# A girl coasts down a hill on a sled, reaching a level surface at the bottom with a speed of 6.7 m/s. The coefficient of kinetic friction between runners and snow is 0.038, and the girl and sled together weigh 603 N. The acceleration of gravity is 9.8 m/s2 .

How far does the sled travel on the level surface before coming to a rest?

## To find the distance the sled travels on the level surface before coming to a rest, we need to use the concept of work and energy.

The work done by the force of kinetic friction will eventually bring the sled to a stop. The work done is equal to the change in kinetic energy.
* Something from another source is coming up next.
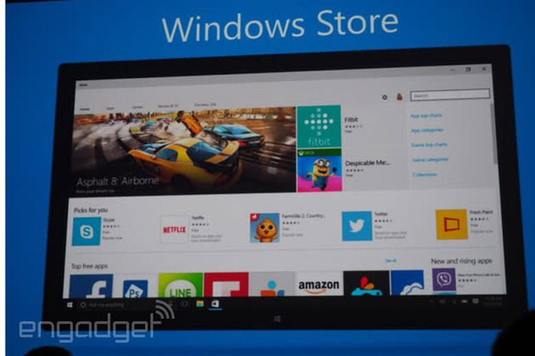 One of the reasons some people didn't like Windows 8 was that it seemed to include two versions of Windows: Live Tiles and the desktop, with touch-friendly apps kept far away from traditional x86 programs. With Windows 10, Microsoft seems to be trying hard to make the user experience feel less jarring, and now, it's taking things a step further with the Windows Store. Once home exclusively to touch-friendly, "Metro-style" apps, it will now house a mix of Win32 and .NET apps as well, along with server-hosted web applications. The result is that users will now have a one-stop shop for all manner of Windows downloads. From a developer standpoint, meanwhile, all of these apps will be able to take advantage of the same Windows Store platform — that means updates are delivered the same way, and developers can also enable in-app purchases, as they would in any other Windows Store download.

Let's break down the steps to find the distance.

Step 1: Find the initial kinetic energy

The initial kinetic energy (K1) of the sled can be determined using the formula:

K1 = 1/2 * m * v^2

Given:

Mass of the girl and sled (m) = 603 N / 9.8 m/s^2 (weight divided by acceleration due to gravity)

Initial velocity (v) = 6.7 m/s

Plugging in the values:

K1 = 1/2 * (603 N / 9.8 m/s^2) * (6.7 m/s)^2

Step 2: Find the work done by the force of kinetic friction

The work done by the force of kinetic friction can be calculated using the formula:

Work = force of kinetic friction * distance

Given:

Coefficient of kinetic friction (µ) = 0.038

The force of kinetic friction (F) can be calculated using the formula:

F = µ * normal force

The normal force (N) is equal to the weight of the girl and sled, which is 603 N.

Plugging in the values:

F = 0.038 * 603 N

Now, we need to find the distance (d) that the sled travels.

Step 3: Use the work-energy principle

According to the work-energy principle, the work done by the force of kinetic friction is equal to the change in kinetic energy:

Work = ∆K = K1 - K2

Since the sled comes to rest, K2 (final kinetic energy) is equal to zero.

Setting up the equation:

Work = 0 - K1

Step 4: Find the distance (d)

Using the formula for work:

Work = force of kinetic friction * distance

Plugging in the values:

0.038 * 603 N * d = -K1

Rearranging the equation to solve for d:

d = -K1 / (0.038 * 603 N)

Now, calculate the distance (d) by substituting the value of K1 into the equation.

Note: Since the negative sign indicates that the force and displacement are in opposite directions, we can ignore it here as we are only interested in the magnitude of the distance.

Once you calculate the value, you will have the distance the sled travels on the level surface before coming to rest.